Saturday, June 20, 2015

A Response to Leighton Flowers: What is the "Dead" State of Fallen Man?

Perhaps, dear reader, you are aware of the criticisms of Calvinism recently put forth by Leighton Flowers, a Southern Baptist preacher, professor and Youth Evangelism Director for the Texas Baptists. Flowers is a prolific podcaster and blogger who presents a distinctively Baptist approach to non-Calvinism. I have listened to nearly every podcast he has released, and have briefly interacted with him on the "About" page of his blog site, Soteriology101.com. In what would seem to be an amazingly courageous move, Flowers has also debated the formidable High Calvinist heavyweight, James White. Unfortunately, this was an epic exercise in missing the point, and I found both of their debate presentations and post-debate follow up responses equally disappointing.

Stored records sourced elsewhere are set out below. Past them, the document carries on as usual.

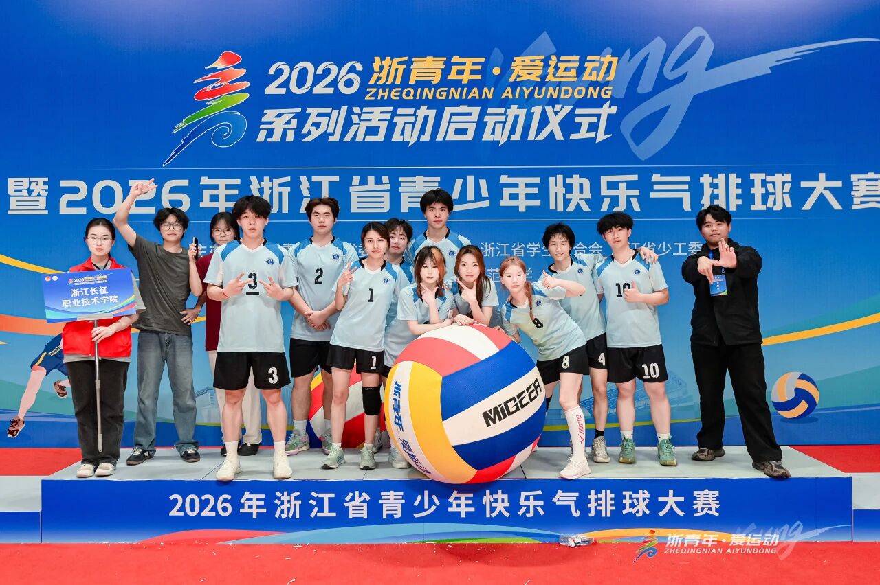 近日,由共青团浙江省委、浙江省体育局、浙江省学生联合会、浙江省少工委主办的“浙青年・爱运动”2026年浙江省青少年快乐气排球大赛在杭州师范大学圆满落幕。本次大赛汇聚全省64所高校的850余名师生参赛,我校气排球代表队获省决赛(乙组)八强。施仲浩、钱嘉乐获“优秀运动员”,林辉翔获“优秀教练员”荣誉称号。
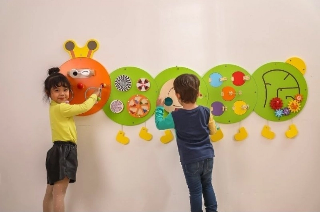 Explora un mundo lleno de colores con este conjunto mural con forma de oruga. Contiene cinco partes interactivas que permiten a los niños aprender jugando y desarrollar diversas habilidades:
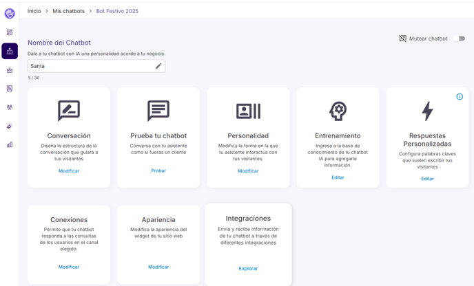 Desde la sección Integraciones, por ejemplo, podés enriquecer y escalar las conversaciones generadas conectándolas con CRMs especializados según el rubro de tu negocio. Soluciones como Tokko, Tecnom o Pilot se integran de forma nativa, de manera simple y directa.
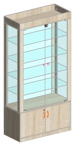 Витрина Т-100ВД. Габариты: 1000х450х2000 мм. Накопитель Н=500 мм. Дверки стеклянные 5 мм c замками. Комплектуется подсветкой (2 точечных светодиодных светильника). 4 стеклянных полки толщиной 6 мм. Боковины и задняя стенка -стекло 4 мм. Возможно изготовление витрин по индивидуальным размерам. Поставляется в упакованном виде. Вес витрины-105 кг, транспортировочный объем -0,12 м3
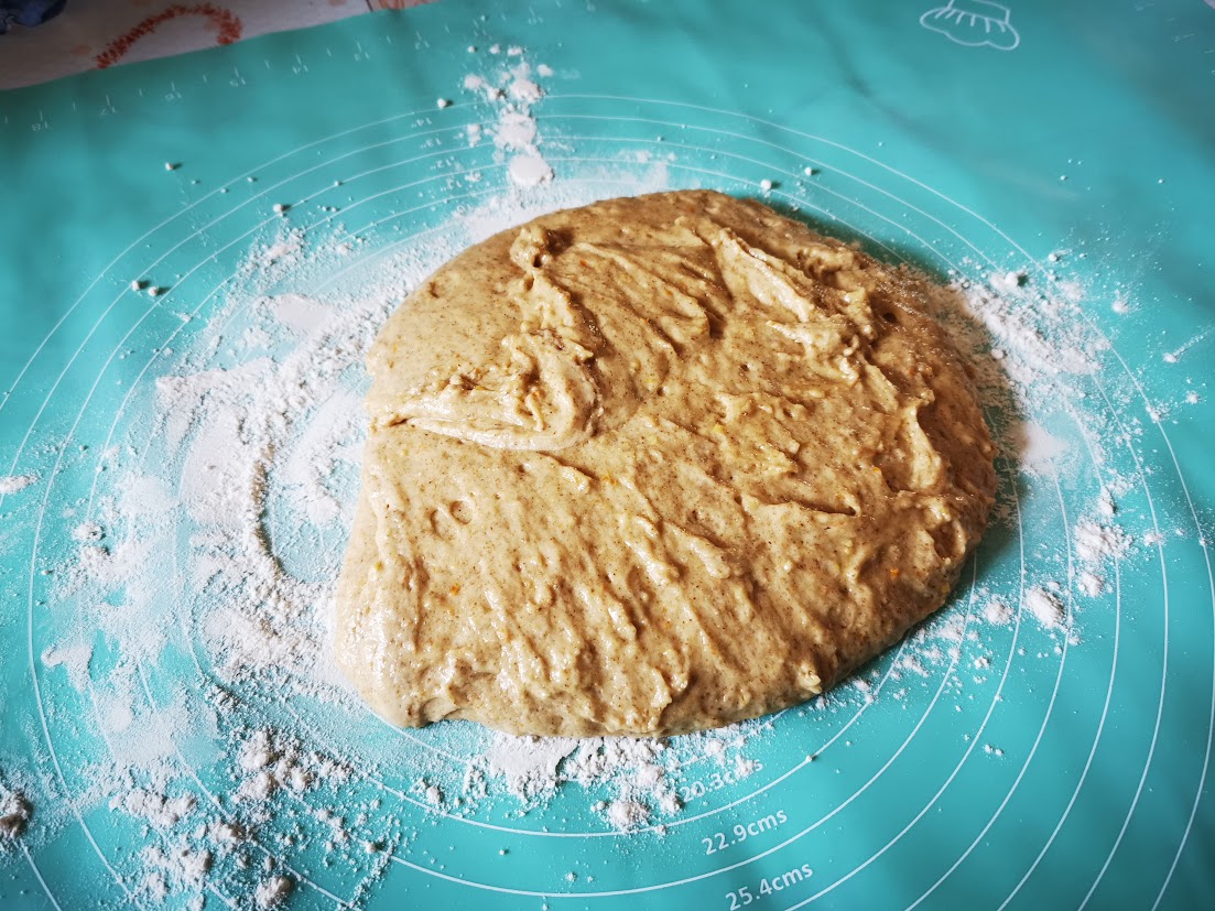 Adesso aggiungiamo le zest di buccia del limone e dell’arancio edibili. Perché edibili? Non tutti gli agrumi sono fatti per essere mangiati, quando si parla di buccia. Quindi è importante che questo frutto non sia trattato con pesticidi chimici, abbia una filiera corta e si sappia la sua derivazione. Per evitare sorprese, se non avete gli alberi in giardino, acquistateli dal produttore direttamente. Ad esempio quando c’è il mercato alla Coldiretti, oppure direttamente nelle aziende agricole. Aggiungiamo anche un cucchiaio d’orzo e lavoriamo per bene il composto con la frusta. Trasferiamo l’impasto sul piano di lavoro infarinato e lavoriamolo per 10 minuti, poi conserviamolo 30 minuti in frigorifero.
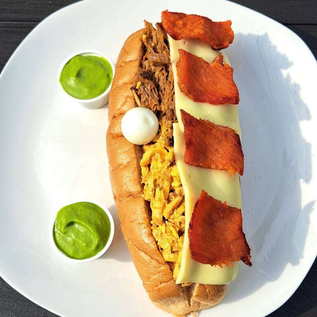 pan de perro lechuga ripio pollo carne queso huevo de codoniz tocineta salsa de la casa y salsa de tomate
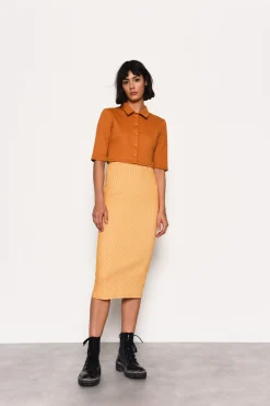 Glamorous Chic Escapes|Flat Shoes|Yellow Textured Flattering Cotton Blend Midi Skirt –
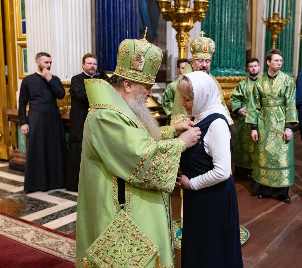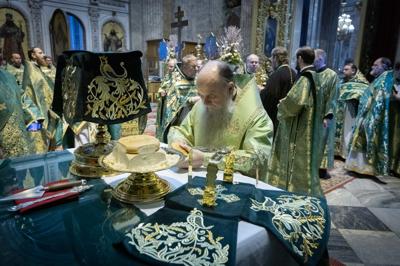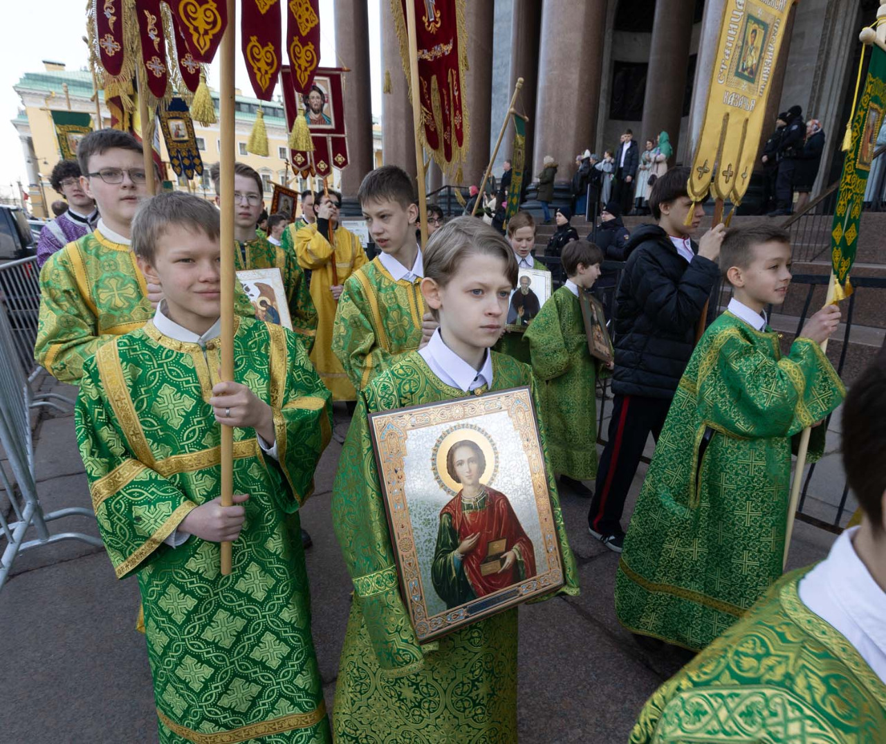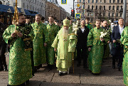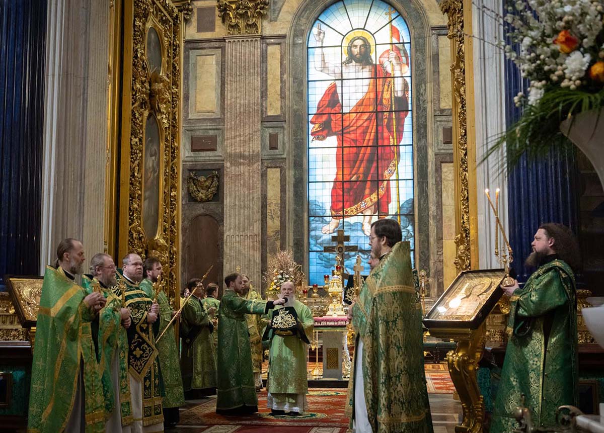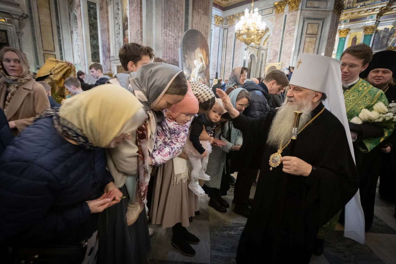 В праздник Входа Господня в Иерусалим (Вербное воскресенье), 5 апреля, митрополит Санкт-Петербургский и Ладожский Варсонофий совершил Божественную литургию в Исаакиевском соборе.
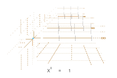 ' 그림의 공식 ' 과도 같이 중심점을 기점으로, 공간의 전, 후, 좌, 우, 상, 하 등의 곳에 X 값의 어떠한 승이 오더라도, + 덧셈과 - 뺄셈 같은 나름의 순차적 증감과는 다른, 전후좌우상하의 모든 곳이 지정된 배율로 증감이 이루어지므로, X의 자리에 0을 제외한 숫자의 몇 제곱 승의 경우에, 그 공간 배율의 곱한 값을 지니게 된다 는 수학 명제는 오늘날에도 유용하게 사용되고 있습니다.
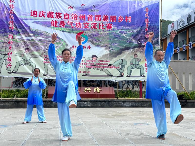 10月14日,迪慶州首屆美麗鄉(xiāng)村健身氣功交流比賽在香格里拉市金江鎮(zhèn)興隆村紅色研學(xué)基地開賽。此次比賽共有8支代表隊(duì)80名運(yùn)動員參賽。

This photo was Leighton's humorous take on
his recent debate with James White
See the debate here: https://youtu.be/lzoZjSTysIs
A BRIEF CRITIQUE

There are a lot of good things to say about Leighton Flowers, so let's start there:
  • He is respectful in his manner of dialogue with opponents
  • He conducts himself with humility
  • He generally speaks positively of Calvinists and accepts them as brothers
  • He articulates a clear theology of salvation from a "traditionalist" (i.e., non-Calvinistic) Baptist perspective
  • He serves as a ministry leader, and is not just a "talking head" with opinions
  • He has a sense of humor (a characteristic that is woefully lacking in so many Calvinist/Arminian dialogues on the internet)
There are some notes of concern as well, and at least one of them is genuinely alarming:
  • He doesn't always have his facts straight (as an example, in one of his podcasts he mentions D.A. Carson as an example of a non-Calvinist scholar - Huh???)
  • He frequently overstates the persuading power of his views, which have not actually proven persuasive to thoughtful, Biblically grounded Calvinists
  • He often presses illustrations to logical extremes that amount to "straw man" arguments
  • He sometimes ignores critical distinctions that are consistently drawn by mainstream Calvinists
  • In contradiction to his typically respectful comments about Calvinists, he has actually said more than once that he believes this passage might refer to them:
    • And count the patience of our Lord as salvation, just as our beloved brother Paul also wrote to you according to the wisdom given him, as he does in all his letters when he speaks in them of these matters. There are some things in them that are hard to understand, which the ignorant and unstable twist to their own destruction, as they do the other Scriptures. (2 Peter 3:15-16)
We can only assume that Flowers has not thought through the implications of that last point, which are quite inflammatory. Viewed charitably, the statement is a bit out of character, though nonetheless troubling. All in all, Leighton is far friendlier toward Calvinists than many others who engage in this type of debate.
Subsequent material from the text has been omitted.